▶ TASK STATEMENT:
Exactly retype the lines from the top of the data through the line containing "На территории стоит", leaving out every picture.

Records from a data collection
--------------------------------------------------

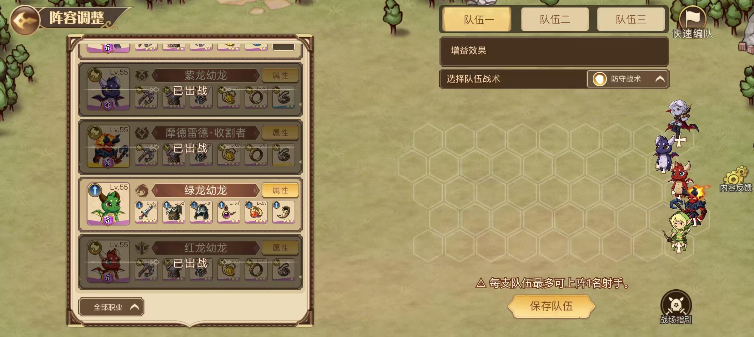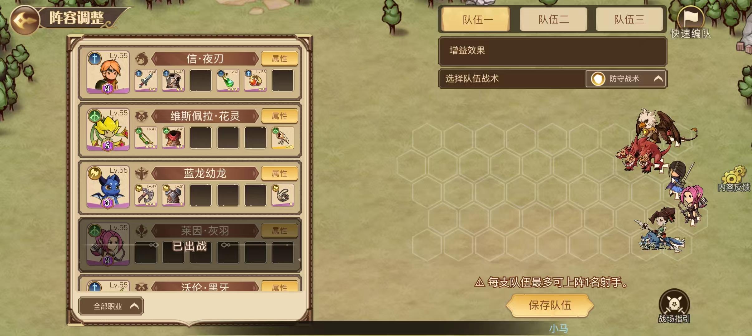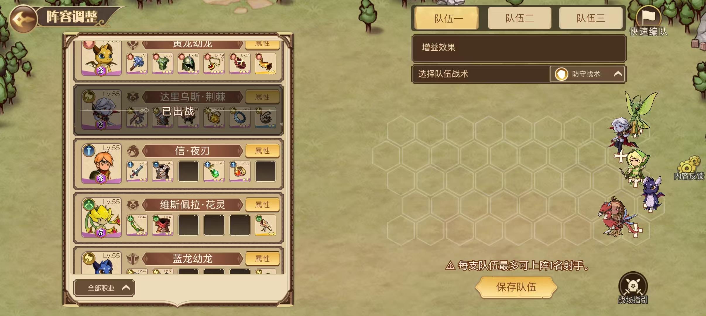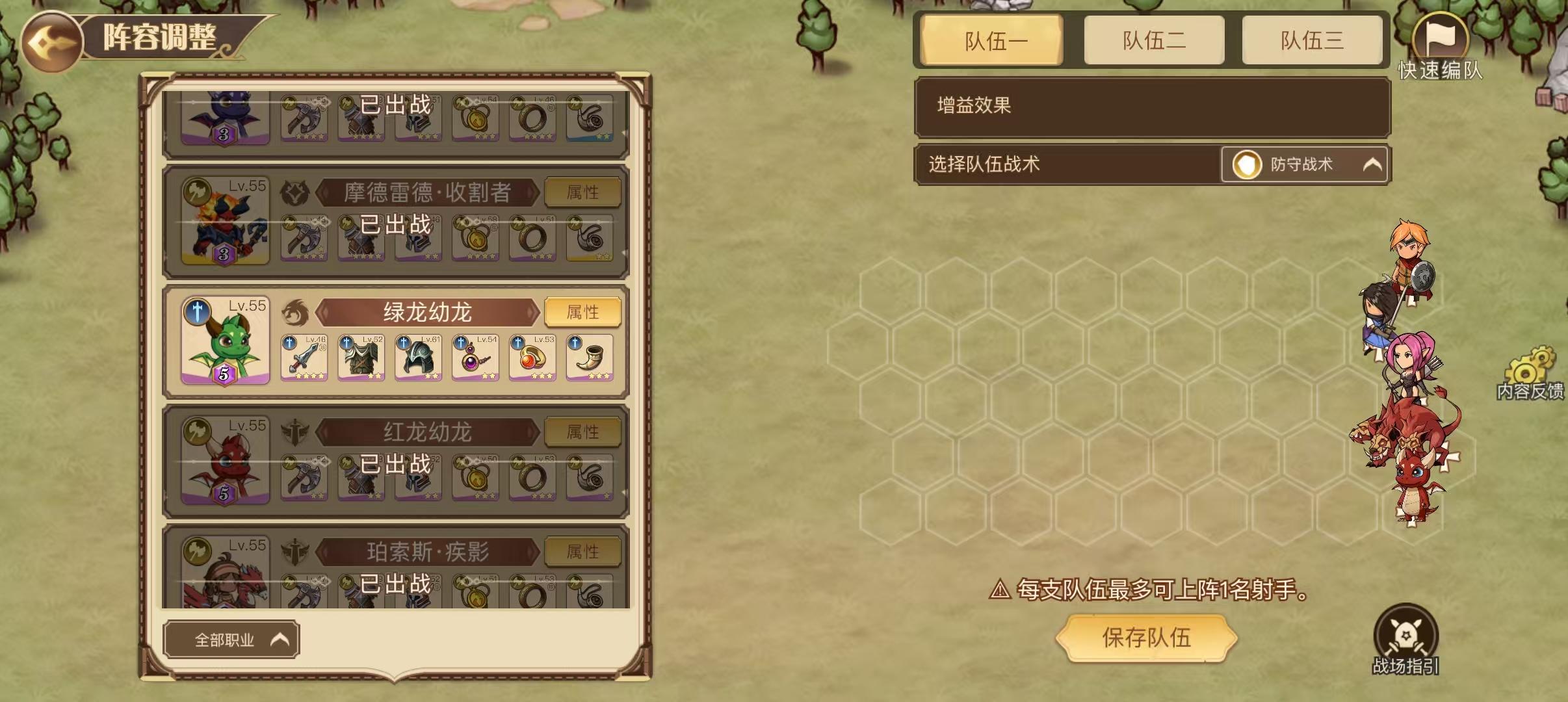 此站位射手4和5号位置都可以,狮鹫一定要贴着,留一个卡位,绿龙6速长腿可以根据情况考虑是否卡位打防守,伊薇和夜刃作为解围和集火手,适当布局位置往下或者往前压制
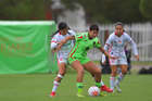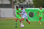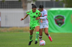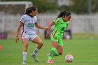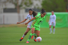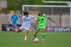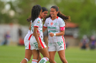Ciudad Juárez, Chihuahua, 11 de octubre de 2025. Nataly Roque y Avril Navarro, durante el partido correspondiente a la jornada 15 del torneo Apertura 2025 de la Liga BBVA MX Femenil, entre las Bravas de FC Juárez y las Centellas del Necaxa, realizado en realizado en el Instituto Tecnológico de Ciudad Juárez. Foto: Imago7/ Alejandro Rodríguez
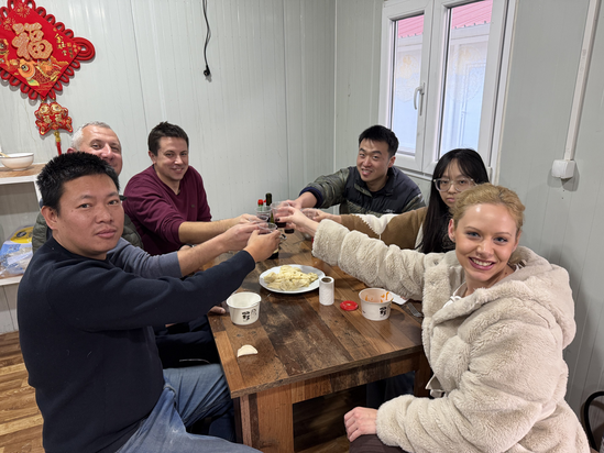 當(dāng)熱氣蒸騰的餃子出鍋時(shí),中外員工舉筷分享。項(xiàng)目經(jīng)理吳時(shí)光端著餃子與大家共話:“這圓潤(rùn)的餃子,象征圓滿,也象征我們團(tuán)隊(duì)的團(tuán)結(jié)。感謝每位中塞同事的堅(jiān)守,是你們讓萬(wàn)里之外有了家的溫暖?!?/p>
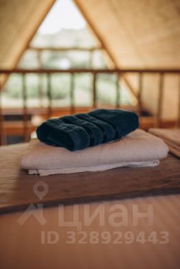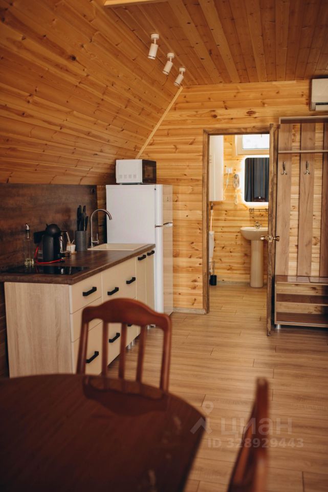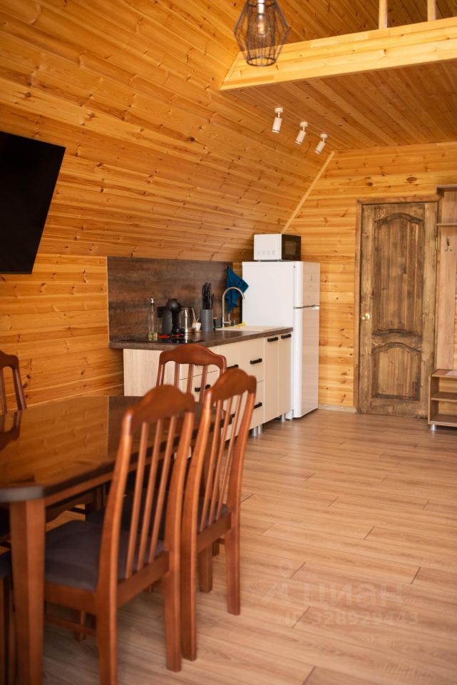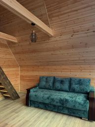 На территории стоит два домика вместимостью 4 и 6 человек. В домах на первом этаже: кухня-гостиная и санузел, на втором этаже: спальня. На кухне есть вся необходимая посуда для приготовления еды и сервировки стола. А также: соль, перец, сахар, подсолнечное масло и зубочистки. К каждому домику предоставляется беседка с мангальной зоной и резной мебелью. Возле 6 местного домика на террасе установлен банный чан фурако.
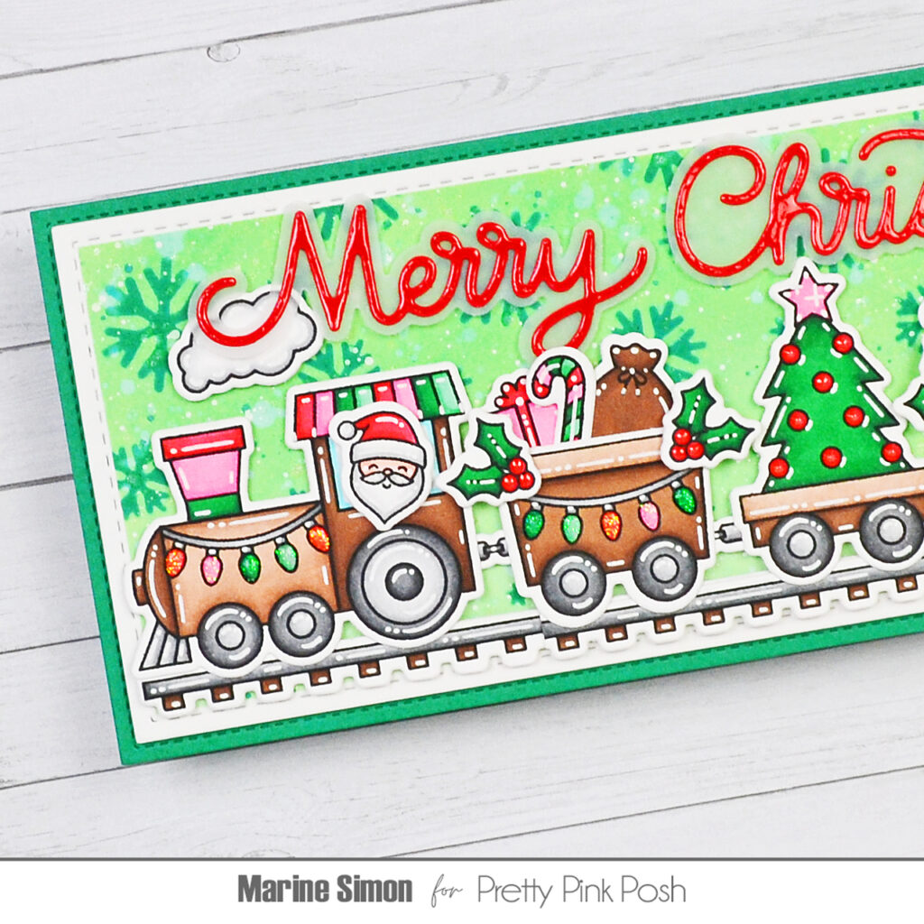 For my greeting, I used the Merry Christmas Shadow dies. I cut the word pieces out of red cardstock and the shadow pieces out of vellum, stuck each red word to its matching shadow using liquid glue, and then attached the entire greeting above the train using slim pieces of 1mm foam squares. As for the final details, I applied glossy accents to my red “Merry Christmas”, to the holly berries and to the lights in the Christmas tree, and then white blizzard nuvo drops to the lights on the locomotive and wagons.

--------------------------------------------------

▶ FINISHED EXERCISE:
 此站位射手4和5号位置都可以,狮鹫一定要贴着,留一个卡位,绿龙6速长腿可以根据情况考虑是否卡位打防守,伊薇和夜刃作为解围和集火手,适当布局位置往下或者往前压制
Ciudad Juárez, Chihuahua, 11 de octubre de 2025. Nataly Roque y Avril Navarro, durante el partido correspondiente a la jornada 15 del torneo Apertura 2025 de la Liga BBVA MX Femenil, entre las Bravas de FC Juárez y las Centellas del Necaxa, realizado en realizado en el Instituto Tecnológico de Ciudad Juárez. Foto: Imago7/ Alejandro Rodríguez
 當(dāng)熱氣蒸騰的餃子出鍋時(shí),中外員工舉筷分享。項(xiàng)目經(jīng)理吳時(shí)光端著餃子與大家共話:“這圓潤(rùn)的餃子,象征圓滿,也象征我們團(tuán)隊(duì)的團(tuán)結(jié)。感謝每位中塞同事的堅(jiān)守,是你們讓萬(wàn)里之外有了家的溫暖?!?/p>
 На территории стоит два домика вместимостью 4 и 6 человек. В домах на первом этаже: кухня-гостиная и санузел, на втором этаже: спальня. На кухне есть вся необходимая посуда для приготовления еды и сервировки стола. А также: соль, перец, сахар, подсолнечное масло и зубочистки. К каждому домику предоставляется беседка с мангальной зоной и резной мебелью. Возле 6 местного домика на террасе установлен банный чан фурако.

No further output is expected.